# Need help figuring out where I am in the cycle...



## tank1312 (Apr 20, 2012)

Hi all! This is day 7 of my 10 gallon tank being up and running. On day 3, I added 3 glofish/danios (if I had understood the cycling process then like I do now I wouldn't have bought them until my tank was fully cycled). I just got my test kit in the mail today and tested my water. These are the results:

Ammonia: .25ppm
Nitrite: 0
pH: not sure
HR pH: 8.1ish
Nitrate: 0

I haven't done anything to my tank since day 1 except add 3 glofish. When I very first set up the tank, I added the appropriate amount of Aquatic Stress Relief, Special Blend, and Nite-Out II. And, that's all I've done to it. 

Where am I at? And, what do I do next? I have 2 more tanks (a 10 gal and a 25 gal) that I'm going to cycle fishless, but I don't want to do anything until I get this first tank healthy and happy so I can learn!

Thanks soooo much for any help or advice!!


----------



## clep.berry (Mar 4, 2012)

If Tube 2 is your Nitrate test, then the tank has stabilized for this bio-load. Otherwise without a Nitrate test, I can't tell if you've just done lots of water changes or something.
The pH test seems to be very wrong - showing below 7.4 and above 7.6 concurrently - it might be a lighting issue though. IME a cheap Phenol red solution does the job for the pH ranges I measure.
It's important to use the tests exactly as per the instructions.
To kickstart the other tanks, you could put your filters in the cycled tank and add ammonia when you return them to the new tank!
cb


----------



## tank1312 (Apr 20, 2012)

tube 1 is pH
tube 2 is HR pH
tube 3 is ammonia
tube 4 is nitrite

the tube for nitrate isn't in the pic, but it came out bright yellow. that's a really good idea about about cycling the other filters in this tank!! I never thought of that. I would run them as normal so I'd have 3 filters running in one tank?


----------



## clep.berry (Mar 4, 2012)

It's possible that your cycle has actually started and that the 3 danios are not producing much ammonia to register much of an ammonia spike or nitrite spike. Just keep testing and you should experience a climb in one of the 3 - typically ammonia, followed by Nitrite and then Nitrogen.
To the best of your knowledge, when running the pH test, what is the reading you get?
cb


----------



## jbrown5217 (Nov 9, 2011)

You are in the very beginning of your cycle. You will need to test at least every other day, but everyday would be better.

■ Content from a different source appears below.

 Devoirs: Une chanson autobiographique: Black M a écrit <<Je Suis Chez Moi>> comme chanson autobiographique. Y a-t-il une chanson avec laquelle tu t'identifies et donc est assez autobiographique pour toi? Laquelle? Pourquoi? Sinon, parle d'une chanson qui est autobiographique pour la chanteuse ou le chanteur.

If ammonia or nitrites ever get above 1ppm you need to do a 50% water change (this is for the safety of your fish). When nitrates start to generate, if they ever reach 40ppm you should do a water change (also for the safety of your fish). Cycling this tank will probably take anywhere from 4 - 8 weeks, but since you are cycling with fish I will proly say around the 6 -8 week mark.


----------



## snail (Aug 6, 2010)

I agree, the cycle has just started.


----------



## tank1312 (Apr 20, 2012)

Here are today's test results. I made sure to follow the directions to a T.

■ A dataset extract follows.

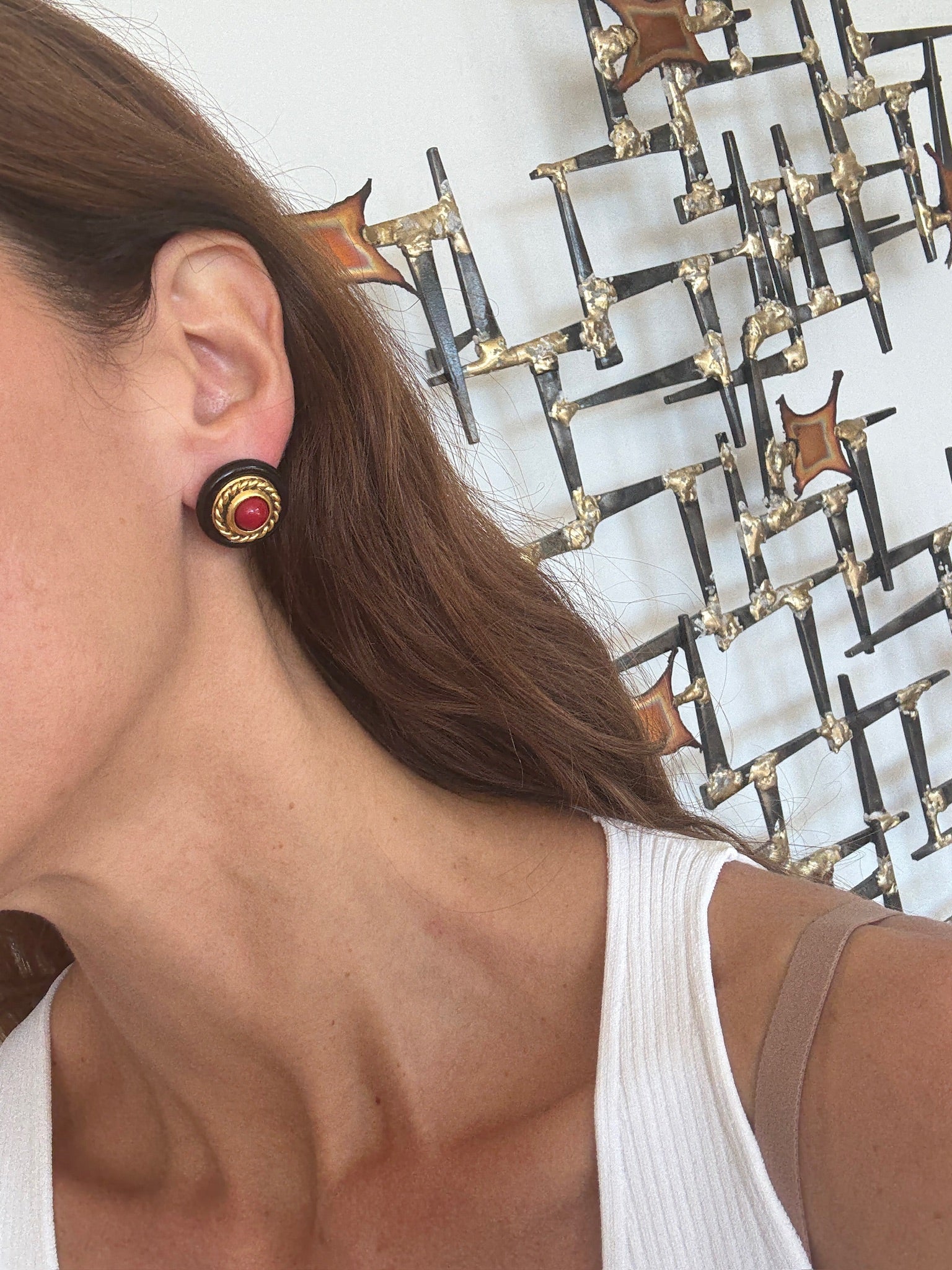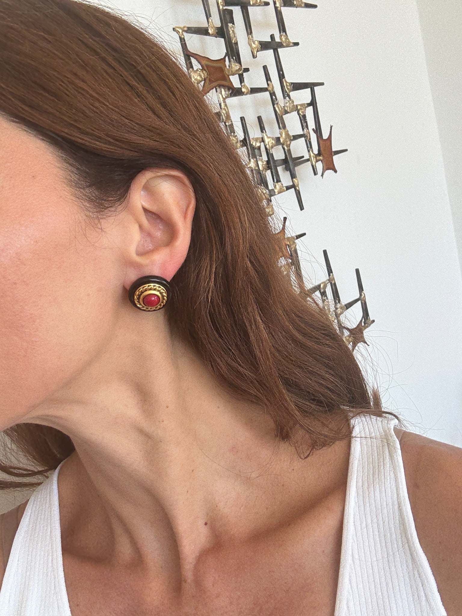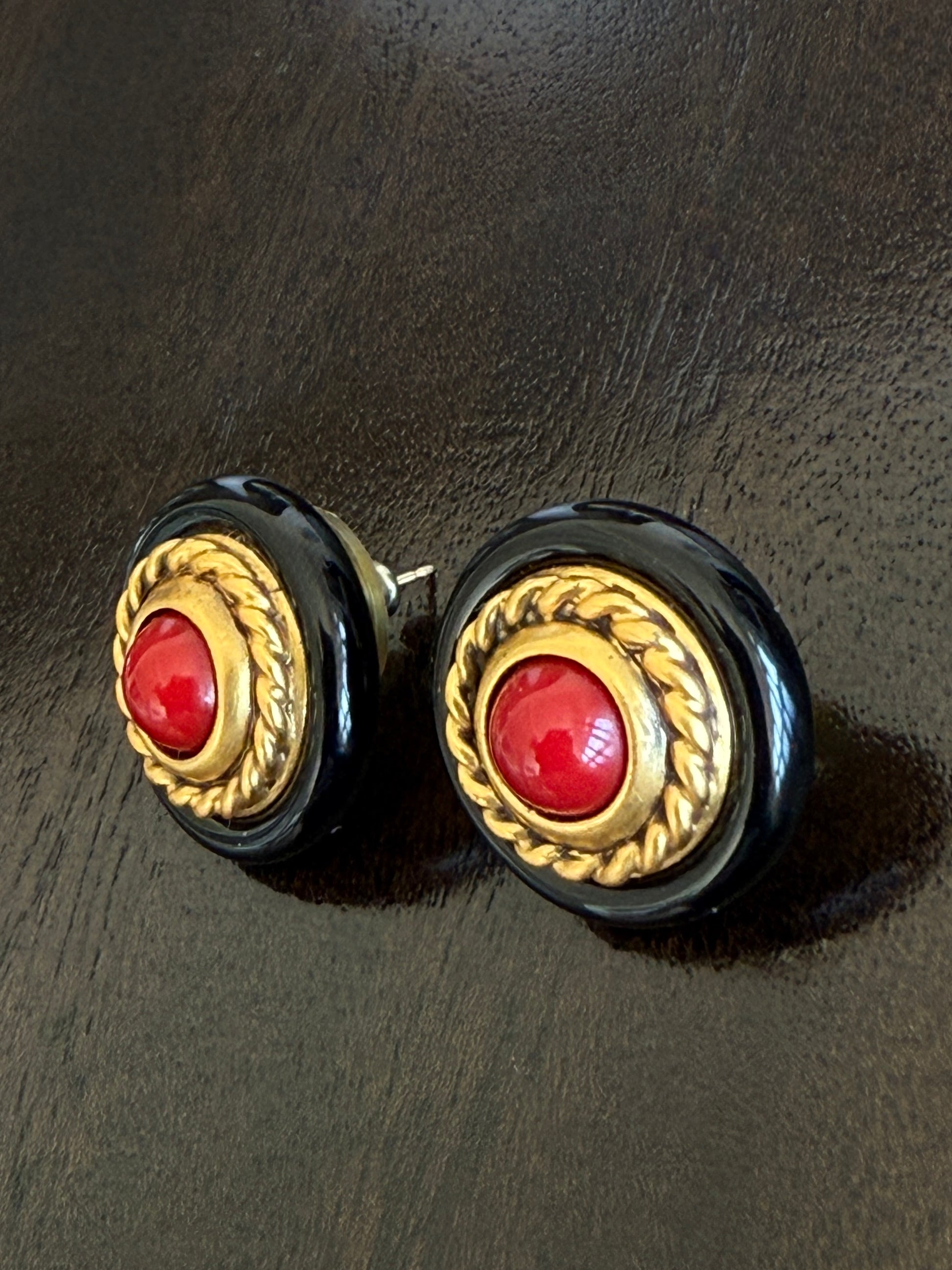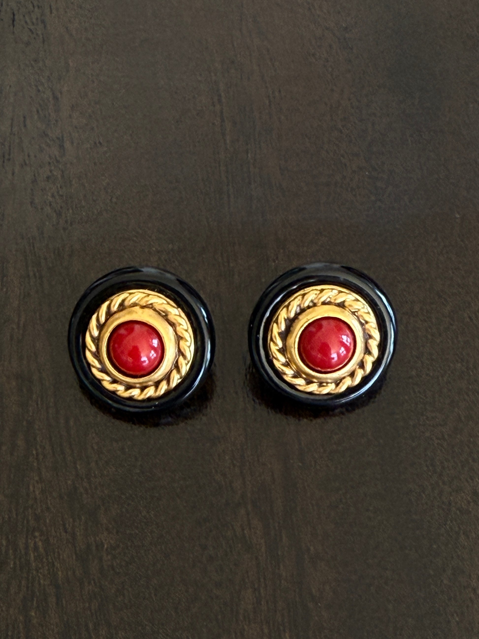 Vintage Yves Saint Laurent signed statement pierced earrings featuring a bold round design with glossy black enamel, a textured gold-tone rope border, and a striking red cabochon center. These clip-on earrings embody Yves Saint Laurent’s iconic 1980s aesthetic, glamorous, sculptural, and timeless. A rare collectible piece for vintage lovers and Saint Laurent devotees alike.

pH test results: nothing on the card matches the shade of blue that it turned out to be, but the HR pH looks awfully close to 8.2



ammonia test results: .50 ppm



nitrite test results: 0



I'm supposed to add more Microbe-Life Special Blend today according to the label. Should I not even mess with that stuff and let the tank do what it wants to do? Or should I continue with what it says since I started out with it? Also, should I attempt to lower the pH somehow or will a water change help lower that? When I do water changes, should I do any cleaning? Everything still looks the way it did on day 1, but I'd rather clean while it's easy than wait until it looks gross. Definitely don't want to mess with the cycle tho!


----------



## jrman83 (Jul 9, 2010)

Your cycle started the second you added fish....you didn't need to detect anything to confirm it had started.

The ph low range test maxes at 7.6. So if your water is 8+, the highest that test will read is 7.6. Mine is 8.2 out of my tap and I just did that test only. If it ever read off, then do your low range test.

I agree with the recommendations, but I only changed 50% if the ammonia/nitrite spiked above 3ppm. You can have periods where it will spike pretty fast on ya.


----------